Homem admite tiros contra a ex-esposa por “legítima defesa”: mantida pena de 10 anos

Um homem condenado pela Justiça de Limeira (SP) por tentar matar a própria esposa tentou reduzir a pena na Justiça alegando que havia confessado os disparos. A defesa sustentou que a admissão dos tiros deveria ser reconhecida como confissão espontânea, o que permitiria a diminuição da pena. O Tribunal de Justiça de São Paulo, porém, entendeu que a alegação de legítima defesa impede o reconhecimento desse benefício.

O acórdão do último dia 5 da 14ª Câmara de Direito Criminal negou o recurso da defesa e manteve a condenação imposta pelo Tribunal do Júri.

O caso ocorreu em novembro de 2023. Segundo a denúncia, o casal estava em processo de divórcio litigioso após cerca de 15 anos de relacionamento. Um dia antes do crime, o homem foi citado em uma ação de alimentos movida em favor do filho do casal, fato que, de acordo com o processo, o deixou irritado.

No dia seguinte, ele foi até a residência da esposa e se escondeu atrás de um carro estacionado nas proximidades. Conforme a acusação, aguardou a mulher sair de casa para ir ao trabalho. Quando ela deixou o imóvel, o homem surgiu de forma repentina, apontou uma arma de fogo e disse que havia advertido para que ela não “fosse atrás dessas coisas”.

Em seguida, efetuou três disparos.

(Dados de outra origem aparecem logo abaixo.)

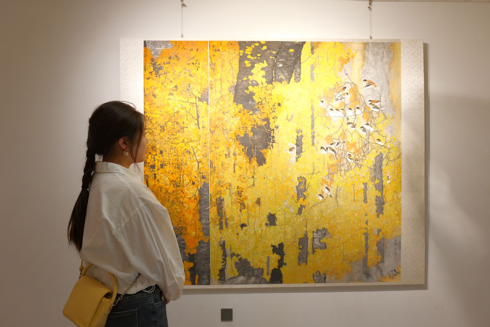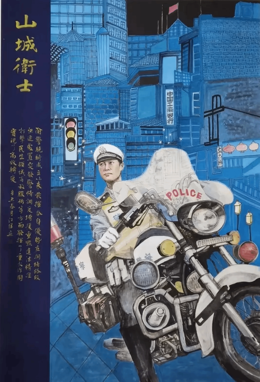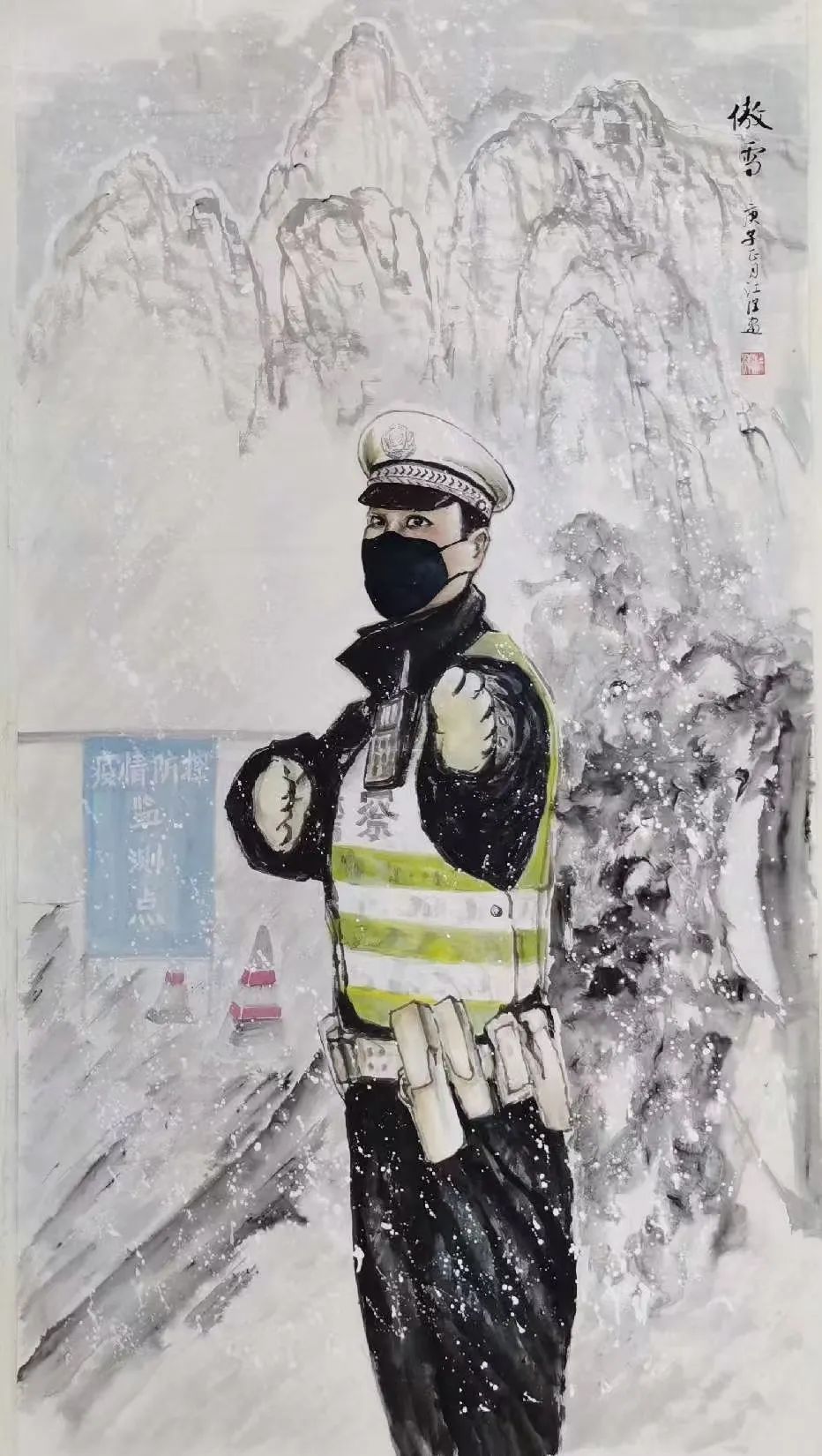 “仿佛能听到这些鸟儿在叫一样”,走进画室,淬炼商学院聂嫒琳的目光就被作品《家园》的大胆用色、骨法笔触、巧妙构图牢牢攫住。在绘画作品中鸟群常常被赋予“人民”的象征意义,看着这幅呼映成趣、色彩鲜明的花鸟作品,她说:“这看起来就很繁华,让人充满了力量和希望。”除画室作品外,江洋院长《岁朝华章》线上画展也在持续开放,作品《山城卫士》凝聚时代精神力量,生动体现渝警骁骑全力以赴做好维护国家政治安全和社会稳定各项工作的决心;《傲雪》画面中交巡警顶风冒雪坚守岗位的场景,体现了基层工作者“负重前行”的担当精神,树立了人民警察无私奉献的“平凡英雄”形象。

Um deles atingiu a mão da vítima e outro feriu o braço esquerdo. O crime não se consumou porque a mulher se jogou no chão e foi socorrida por pessoas que estavam nas proximidades. Ela foi levada inicialmente a uma unidade de pronto atendimento e depois encaminhada à Santa Casa da cidade, onde foi constatada fratura exposta.

Após o ataque, o agressor fugiu, mas acabou sendo preso posteriormente por mandado judicial.

O réu foi julgado pelo Tribunal do Júri e condenado a 10 anos e 8 meses de reclusão, em regime inicial fechado, por tentativa de homicídio qualificado contra mulher por razões da condição do sexo feminino, além de motivo fútil e recurso que dificultou a defesa da vítima.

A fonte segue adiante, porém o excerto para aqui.